Фитцсимонс-Росс пожал плечами. Потом вдруг взял с полки за спиной какой-то предмет:
— Прочитал этот хлам. — И швырнул предмет мне через стол. Это была моя книга о Египте.
— Где ты это достал?
— Купил, между прочим.
— Неужели? — спросил я.
— Только не прикидывайся, будто чертовски удивлен. Здесь есть английский книжный магазин, недалеко от Cafe Paris на Кантштрассе. И, voila, Томас Несбитт о Египте.
— Я польщен.
— Это не значит, что мне понравилось.
— Не понравилось?
— На самом деле мне показалось, что книга чертовски мудреная для начинающего писателя… только учти, это не комплимент. Ты талант. Ты отменный наблюдатель…
— Так и слышу «но»…
— «Но» — это не критика. Скорее наблюдение.
— Может, поделишься?
— Жизнь тебя еще не трахнула как следует. Может, тебе и кажется, что все было. Несчастные родители, пара романов, которые ни к чему не привели, а все потому, что ты не хотел связывать себя обязательствами…
— Я этого не говорил.
— Да это ясно и без слов, Томми-бой. У тебя на лбу это написано. Пожалуйста, любите… только не давите на меня.
— Это несправедливо, — сказал я, а про себя подумал: черт возьми, когда он успел так хорошо изучить меня?
— Может быть. Зато в точку. Ты спросишь, как я могу судить об этом? Да я слеплен из того же теста, мой мальчик. Тебе необходимо испытать настоящую боль, Томми-бой. Она немного остудит твой ум — его у тебя в избытке — и погрузит в другую реальность. Только не думай, что я делюсь своим опытом. Со мной все иначе — мне в этом деле помогает старый добрый герыч.
— Ты когда-нибудь любил?
— Неоднократно.
— Я имею в виду, по-настоящему.
Он кивнул на бутылку и свободный стул за кухонным столом. Я подошел к буфету, достал стакан и присоединился к нему. Он налил водки и подвинул ко мне пачку «Голуаз».
— По-настоящему? — повторил он, передразнивая мой акцент. — Любил ли я по-настоящему?

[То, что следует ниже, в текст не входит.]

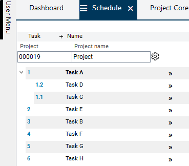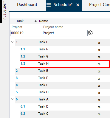 Result: Task 1.3 has been created automatically with data from task 5 and has been positioned below task 1.2.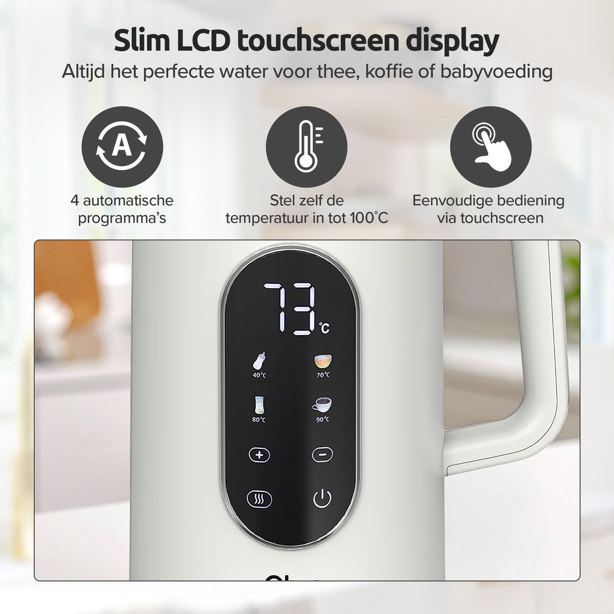 De temperatuur is nauwkeurig in te stellen—ideaal voor thee of het opwarmen van een babyfles. De interface is overzichtelijk en eenvoudig te gebruiken. Ik ben er zeer tevreden mee.

— Кажется, так звучал мой вопрос.
Он осушил свой стакан и тут же налил еще:
— Отвечаю. Я думал, что встретил человека, с которым хотел бы прожить всю свою жизнь. Хозяин галереи в Лондоне. Но не тот, с кем я сотрудничаю. Я никогда не смешиваю эти два мира — работу и личную жизнь. Нет, у Фредерика была своя галерея, совсем в другом месте, и он держался в стороне от моего бизнеса. Помимо всего прочего, он был старше меня на двадцать шесть лет. Блестяще образованный — выпускник Харроу и Оксбриджа, аристократ до мозга костей. В нем было все, что я ненавижу в этих чертовых бриттах и чем втайне восхищаюсь. Будучи отпрыском довольно известной фамилии, он, конечно, скрывал свою нетрадиционную ориентацию. Женился на несчастной глупой аристократке — разумеется, блондинке — по имени Аманда. С него, конечно, содрали семь шкур, когда она узнала его «маленький грязный секрет». К тому времени в его жизни уже появился я. Когда мы познакомились, он разрывался между желанием жить так, как ему хочется, и необходимостью проживать жизнь, к которой его обязывало положение. «Надо соблюдать внешние приличия, старина»… и прочий вздор в духе Теренса Раттигана[39]. Но потом я вошел в его жизнь, а он в мою. И это было так правильно, черт возьми. Я нашел свою половинку, он — свою. Мы нашли друг друга. Прошло несколько недель — и свершилось. Он решил уйти из семьи и жить со мной. У меня была студия в Хэкни — жуткое место, но дешевое. Но Фредерик был Фредериком, и он подыскал нам квартиру в Мэйфере. Маленькую, но замечательную. Мы стали обустраивать наш быт. Вместе выходили в свет, и нас стали воспринимать как пару. Это было семь лет назад, тогда на такие отношения смотрели иначе. Фредерик не скупился, он щедро оплачивал свое право жить открыто, поддерживая наш союз и деньгами, и связями. «Почему я должен скрывать тот факт, что впервые в своей жизни по-настоящему счастлив?» — сказал он мне за день до своей смерти. И это были слова человека, который даже со мной не откровенничал о своих чувствах.